- [ASSIGNED TASK] Make an exact transcript of the lines in the data below, starting with the one containing "Bingo Loco has" and going on through the one containing "- hlavice zástrčné", with both included and the pictures left out.
··· INFORMATION
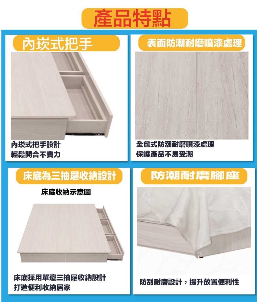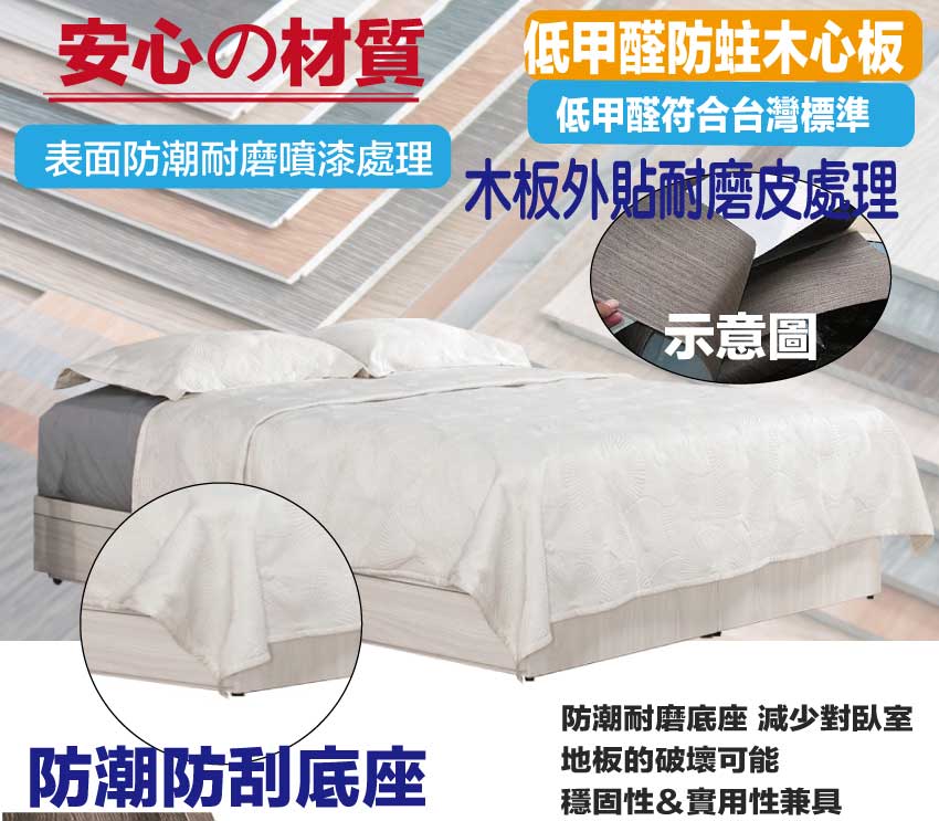 材質:防蛀木心板+六分木床板+防潮耐磨底座
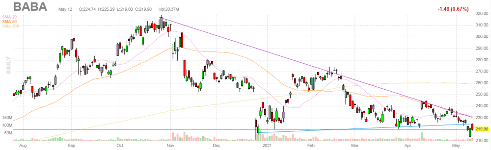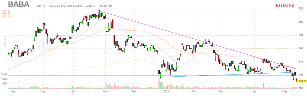На текущий момент акции BABA котируются по $210.79 (-4.14%).
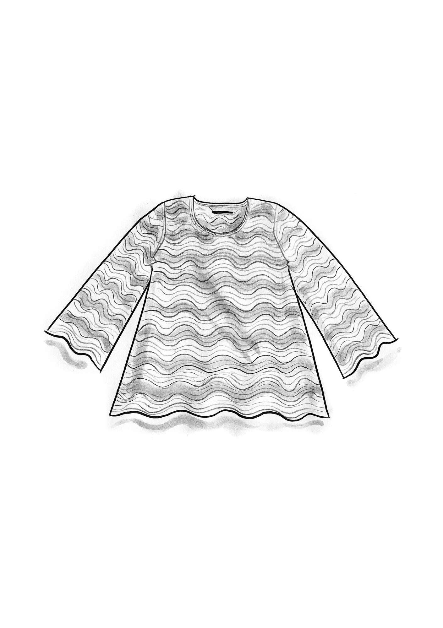 Fit Standard fit, but generous fit at the bottom. Length: M 24" 1/2 Bust width: 19.75" 1/2 Hem width: 26" Sleeve length from the center-back: 26"
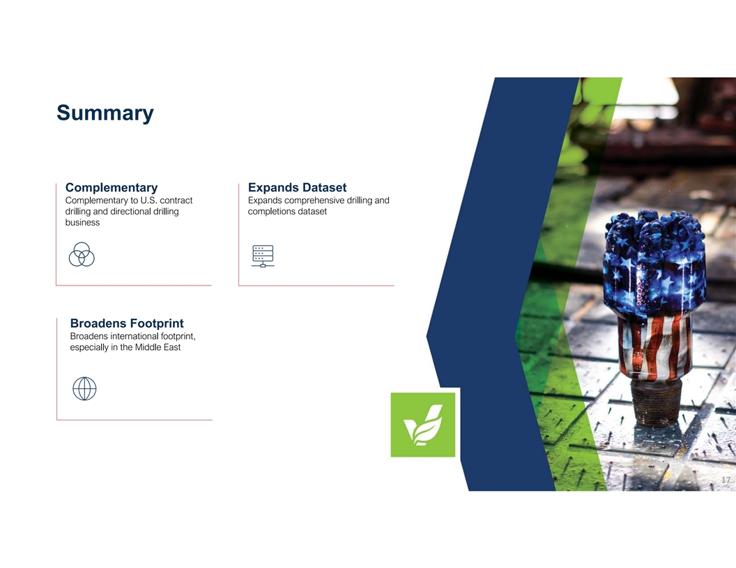 Summary Complementary Expands Dataset Complementary to U.S. contract Expands comprehensive drilling and drilling and directional drilling completions dataset business Broadens Footprint Broadens international footprint, especially in the Middle East 17
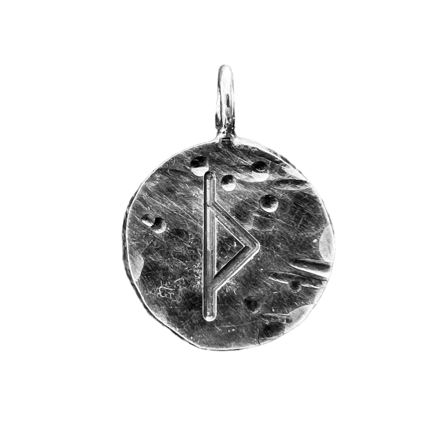 Beskrivelse Håndlaget hos oss! Alle er unike! Laget og designet av vår utrolig flinke Kristin Dalen! Laget i 925 sølv, hamret og oksidert. Dette er små plate anheng. Hvert anheng er forskjellig, dette har en diameter på 1,3cm THURISAZ - Vi har alle en mørk side, og denne runen anerkjenner det. Den forteller deg at du må akseptere din mørke side som en del av hele ditt, og at din menneskelige kamp er å kontrollere den delen av deg og overvinne den. Varsler deg om motgang og gir deg styrke. |
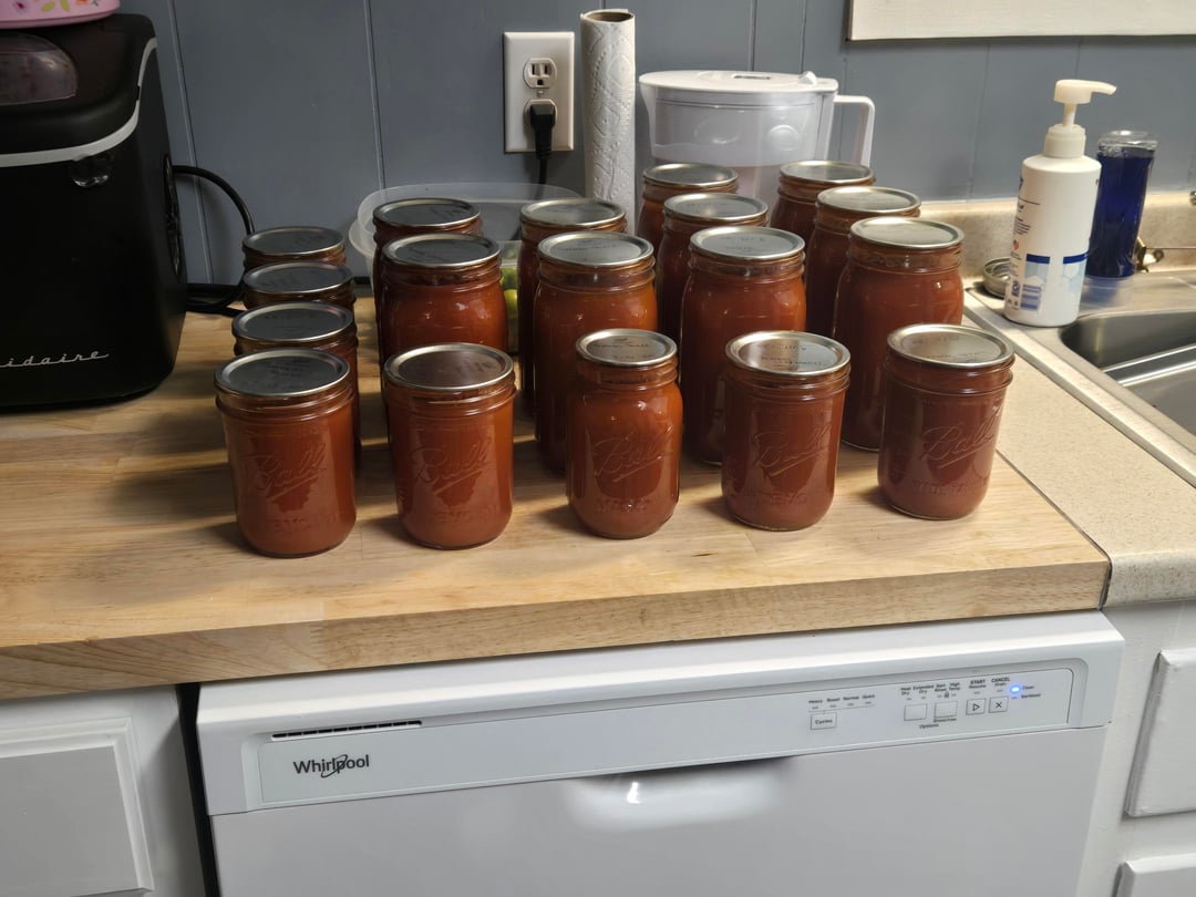 Congrats! I just did tomato sauce yesterday too! I think I got like 16 pints and 6+ half pints from a bushel. I have some pears yet to figure out what to do with, but am otherwise done too!
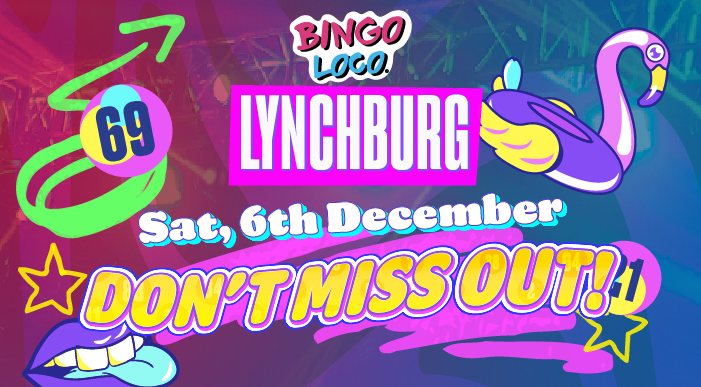 Bingo Loco has taken the world by storm with sold-out bingo rave shows in 200 locations around the globe including Dublin, Edinburgh, London, Toronto, Sydney, Dubai, and many more. Now, their immersive and interactive stage show comes to Lynchburg on December 6th! ️️
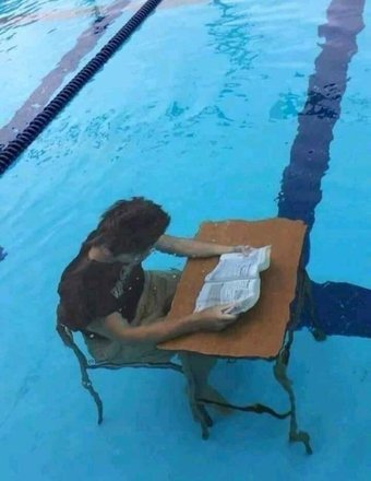 Tem gente que reclama da falta de silêncio para estudar. O aluno abaixo não se intimidou e decidiu provar que era nota 10 até debaixo d’água:
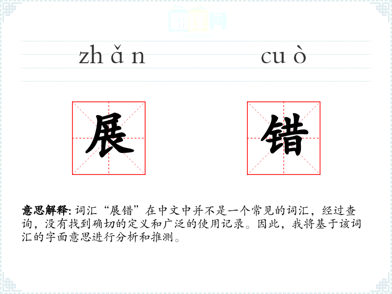 词汇“展错”在中文中并不是一个常见的词汇,经过查询,没有找到确切的定义和广泛的使用记录。因此,我将基于该词汇的字面意思进行分析和推测。
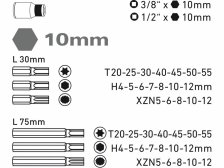 - hlavice zástrčné prodloužené: 10mm - T20-55mm/H4-12mm/XZN6-12mm
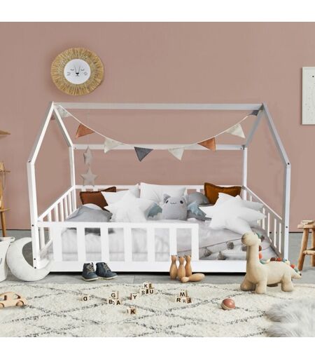 Lit cabane KIWI 90 x 190 cm + barrière de lit / BlancQui n'a jamais rêvé de dormir dans une cabane ? Avec le lit KIWI, on transforme la chambre en un lieu magique qui stimulera l'imaginaire de l'enfant. Sa structure à été conçue pour ressembler à une véritable petite maison aux allures minimalistes et scandinave : une jolie touche de décoration supplémentaire dans la chambre des enfants..• Avec sa barrière esthétique limitant les risques de chutes, le lit KIWI permettra à votre enfant de passer d'agréables nuits en toute sécurité.Points forts :- Montage facile et rapide- Robuste et durableCaractéristiques :- Age adapté : de 4 à 12 ans- Dimensions : l.196,4 x L.96,5x H.140,5- Structure en pin- Finition : Blanc- Barrière: en pin massif hauteur 36 cm, Finition: Blanc- Livré avec sommier à 13 lattes- Poids net : 24.3 kgPrécautions à prendre :* Hauteur maximale recommandée pour le matelas: 16 cm * NE CONVIENT PAS AUX ENFANTS DE MOINS DE 4 ANS.* Capacité charge maximale : 80 kgConditions ...
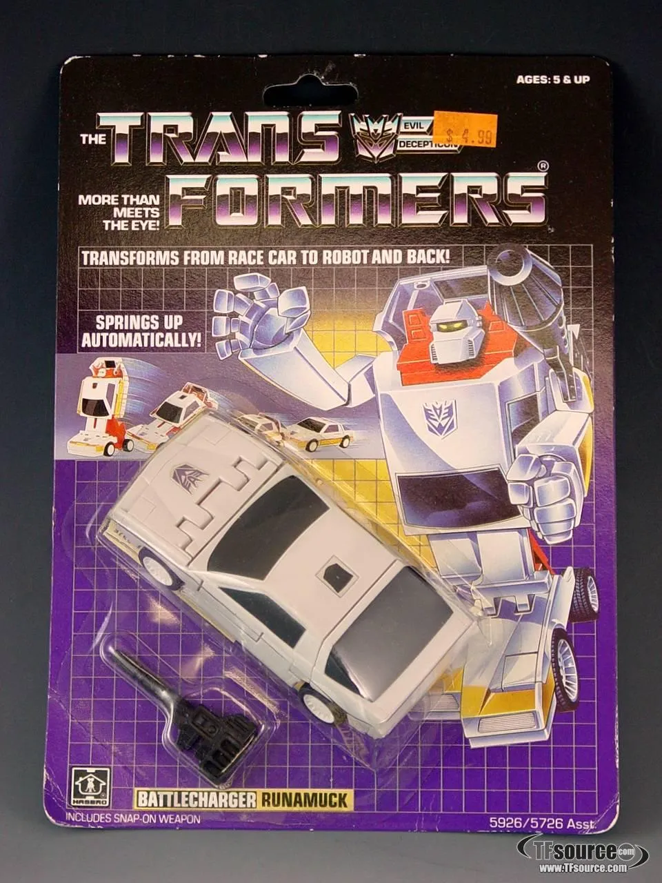 Runamuck transforms into a Pontiac Firebird Trans Am sports car. This is the original figure, still factory sealed after 20 years! Card and bubble condition is as shown.
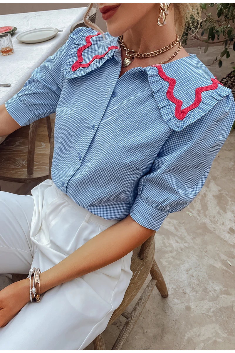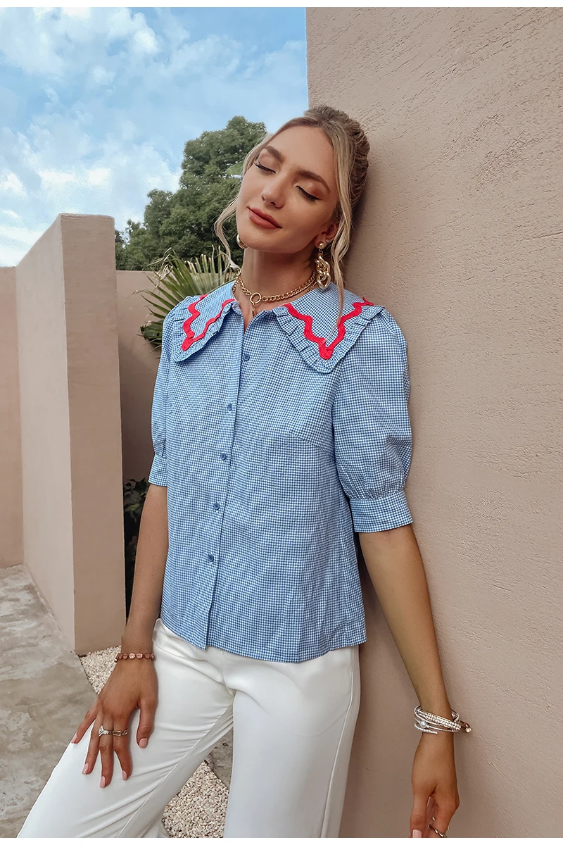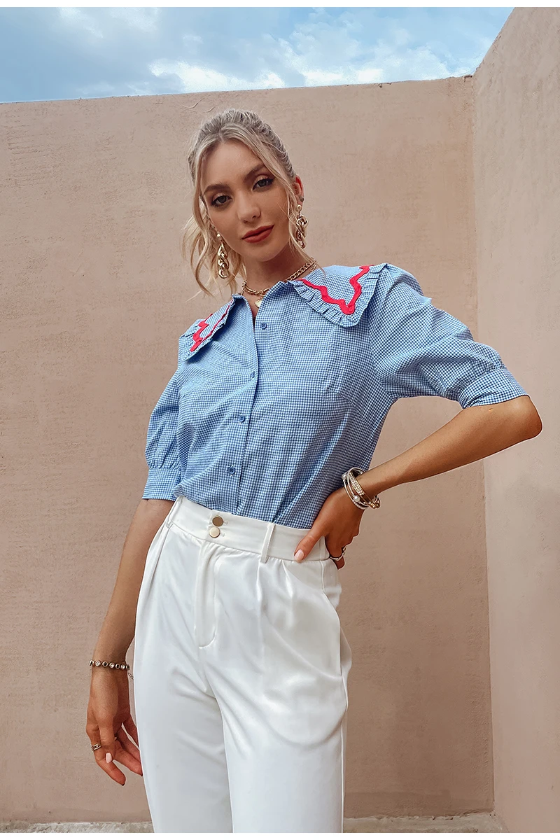 victoria’s vogue Holiday plaid cotton blouse shirt summer Girlish doll collar women’s short tops blue Soft three quarter sleeve blouses
······
- [OUTPUT OF THE TASK]
 Bingo Loco has taken the world by storm with sold-out bingo rave shows in 200 locations around the globe including Dublin, Edinburgh, London, Toronto, Sydney, Dubai, and many more. Now, their immersive and interactive stage show comes to Lynchburg on December 6th! ️️
 Tem gente que reclama da falta de silêncio para estudar. O aluno abaixo não se intimidou e decidiu provar que era nota 10 até debaixo d’água:
 词汇“展错”在中文中并不是一个常见的词汇,经过查询,没有找到确切的定义和广泛的使用记录。因此,我将基于该词汇的字面意思进行分析和推测。
 - hlavice zástrčné prodloužené: 10mm - T20-55mm/H4-12mm/XZN6-12mm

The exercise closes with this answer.